• [Information given]

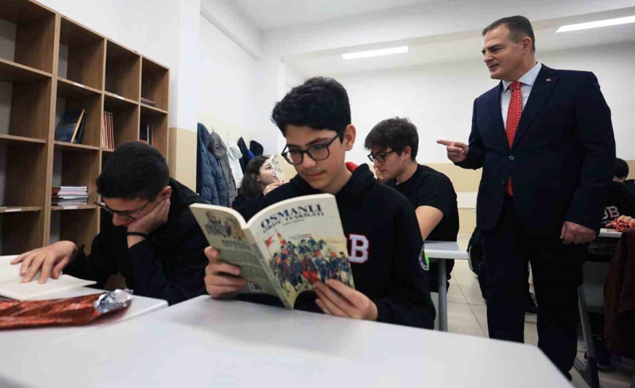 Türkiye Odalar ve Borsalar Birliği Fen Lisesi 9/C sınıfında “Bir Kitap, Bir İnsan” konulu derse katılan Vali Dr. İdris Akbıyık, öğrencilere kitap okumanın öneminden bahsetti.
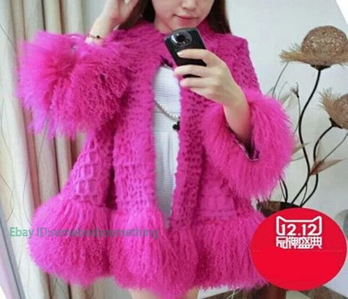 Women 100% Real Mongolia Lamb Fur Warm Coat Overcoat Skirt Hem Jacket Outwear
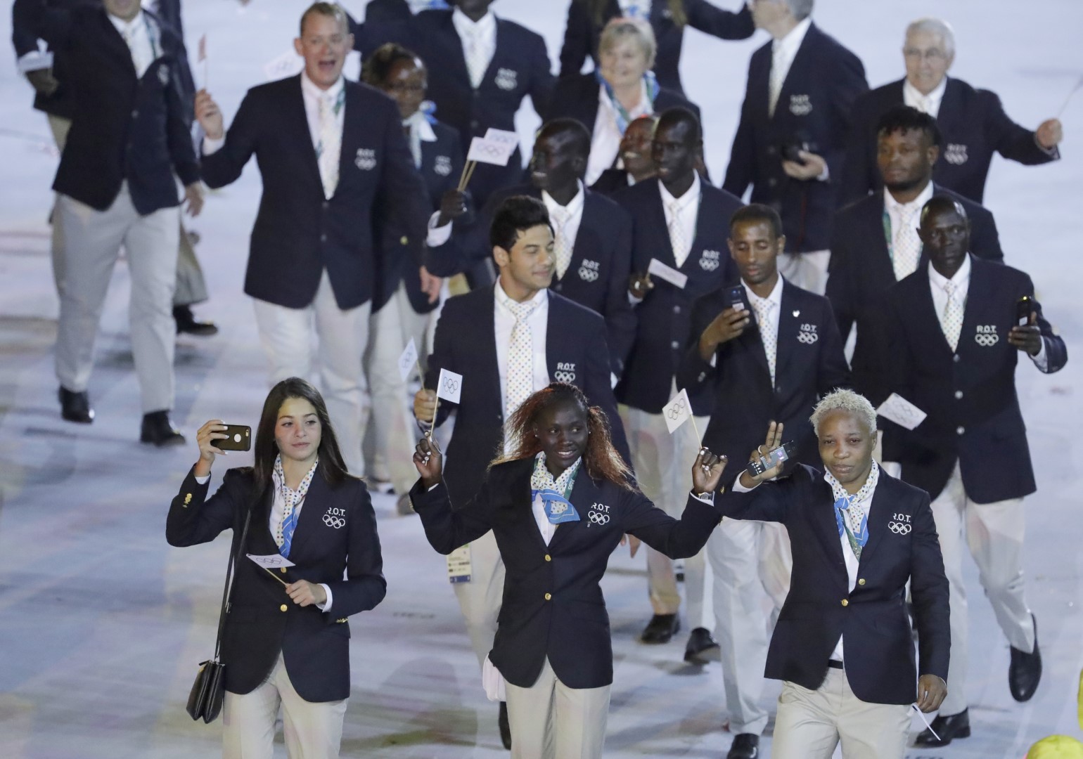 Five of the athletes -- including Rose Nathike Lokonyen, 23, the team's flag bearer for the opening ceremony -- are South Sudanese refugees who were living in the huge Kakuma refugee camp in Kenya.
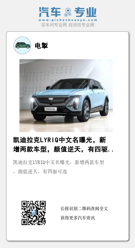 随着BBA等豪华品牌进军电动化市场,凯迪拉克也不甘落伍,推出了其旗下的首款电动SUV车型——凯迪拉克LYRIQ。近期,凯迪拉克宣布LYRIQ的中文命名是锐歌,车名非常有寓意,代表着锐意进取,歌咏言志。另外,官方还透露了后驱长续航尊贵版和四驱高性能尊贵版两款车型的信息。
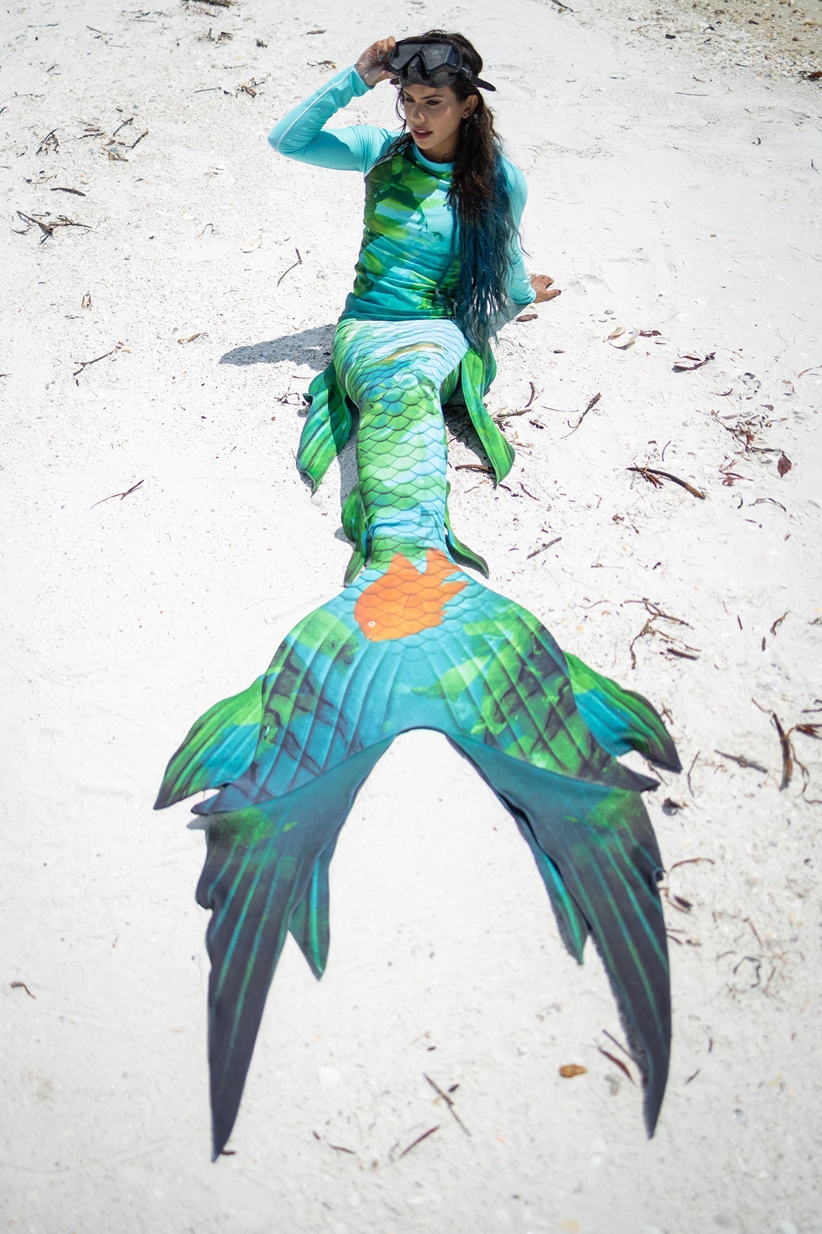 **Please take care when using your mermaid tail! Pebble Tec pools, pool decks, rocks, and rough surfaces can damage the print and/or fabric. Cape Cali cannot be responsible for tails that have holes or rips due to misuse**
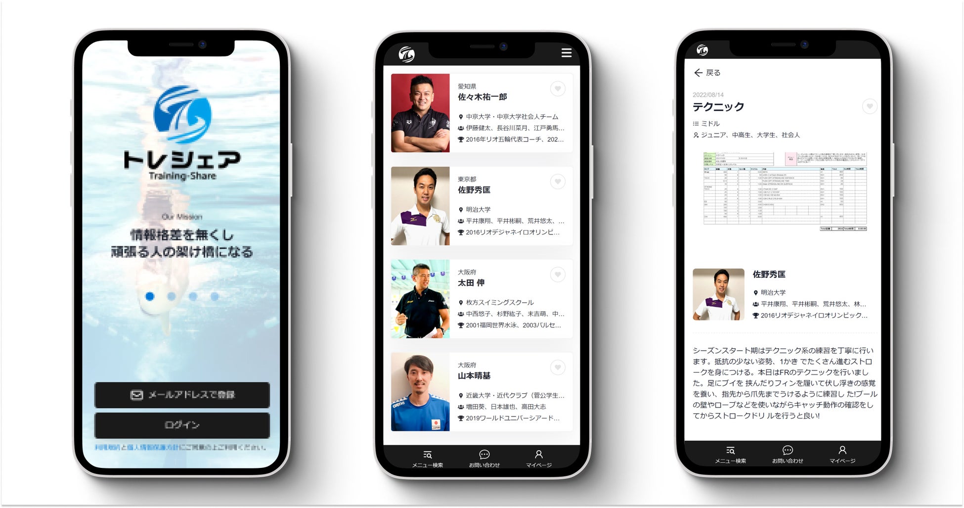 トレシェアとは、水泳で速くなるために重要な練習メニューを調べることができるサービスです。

• [About this task] Provide an exact copy of only the lines from the beginning of the entries through the line containing "Women 100% Real", both ends included, with no pictures.

• [Exercise result]
 Türkiye Odalar ve Borsalar Birliği Fen Lisesi 9/C sınıfında “Bir Kitap, Bir İnsan” konulu derse katılan Vali Dr. İdris Akbıyık, öğrencilere kitap okumanın öneminden bahsetti.
 Women 100% Real Mongolia Lamb Fur Warm Coat Overcoat Skirt Hem Jacket Outwear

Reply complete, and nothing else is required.